Loading tutorials…
Loading tutorials…
60-70% of A/B tests don't reach 95% significance. That doesn't mean VWO is broken — it usually means the test was designed wrong. This is the diagnostic that separates 'no winner' from 'broken setup.'
Who this is forTeams running VWO tests that keep coming back inconclusive or take 60+ days without resolution. If your last 3 tests all ended at 75-90% probability and you're not sure whether to ship or wait, this troubleshooting flow is for you.
What you'll need
Step 1
Most tests "stuck at 90% significance" haven't reached calculated sample yet. Pull the math first — half of "stuck tests" aren't actually stuck.
Pull your calculated required sample (from VWO Sample Size Calculator — re-run if you didn't the first time). Compare to current visitors per variant.
Common pattern: required sample was 14,000 per variant; current is 9,000 per variant. Test isn't stuck — it's 65% done. Keep waiting.
If you didn't calculate sample upfront: do it now. Use current baseline conversion rate, 10% MDE, 95% confidence, 80% power. The calculator returns required sample.
If current sample is <80% of required: not stuck. Wait. Don't peek daily.
If current sample is >120% of required AND probability is <90%: there's no clear winner. Move to step 2.
If current sample is between 80-120%: borderline. Wait 2-3 more days, then evaluate.
Step 2
A variant with zero conversions isn't 'not winning' — it's broken. Compare conversion COUNTS, not just rates. A clean variant should have non-zero conversions within the first few hundred visitors.
Open the test report. Look at absolute conversion counts per variant, not just conversion rates.
If one variant has zero or near-zero conversions despite hundreds of visitors, the variant is broken. Common causes:
— Variant CSS hides the conversion CTA (a layout change broke the button position).
— Variant JS errors prevent the conversion action (form submit broken, link broken).
— Variant analytics tracking is broken (variant fires but the goal event doesn't fire).
Reproduce: open the test page in incognito and force the variant via VWO Helper Chrome extension.

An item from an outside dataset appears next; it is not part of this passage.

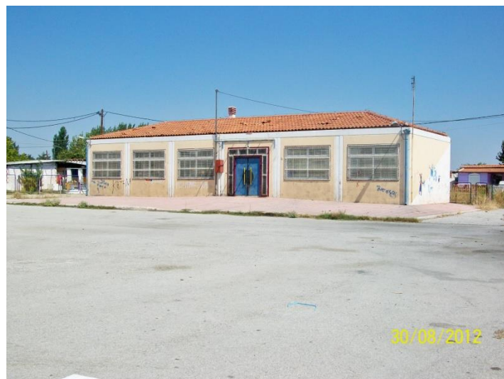
4ο Νηπιαγωγείο Ρομά.

Try to complete the conversion. If you can't (or hit a console error), the variant is broken.
Fix the variant, then RESTART the test from scratch. Don't try to salvage data from a broken test — the data is contaminated.
Step 3
If your 50/50 split is actually showing 55/45 traffic distribution, there's a contamination issue — usually caching, redirects, or bot traffic affecting one variant differently.
Open the test report. Look at total visitors per variant. For a 50/50 test, the split should be within ~5% of even. (5,000 vs 5,200 = fine. 5,000 vs 6,500 = SRM.)
Sample Ratio Mismatch (SRM) is a red flag. It means something is selectively excluding traffic from one variant, contaminating the comparison.
Common SRM causes:
— Variant uses a slow-loading custom font/CSS that times out for some users (those users see Control because Variant fails to render in time).
— Variant is cached differently by CDN — one variant gets cached HTML while the other gets fresh HTML.
— Bot traffic disproportionately hits one variant (bots don't reliably re-roll variants on each visit).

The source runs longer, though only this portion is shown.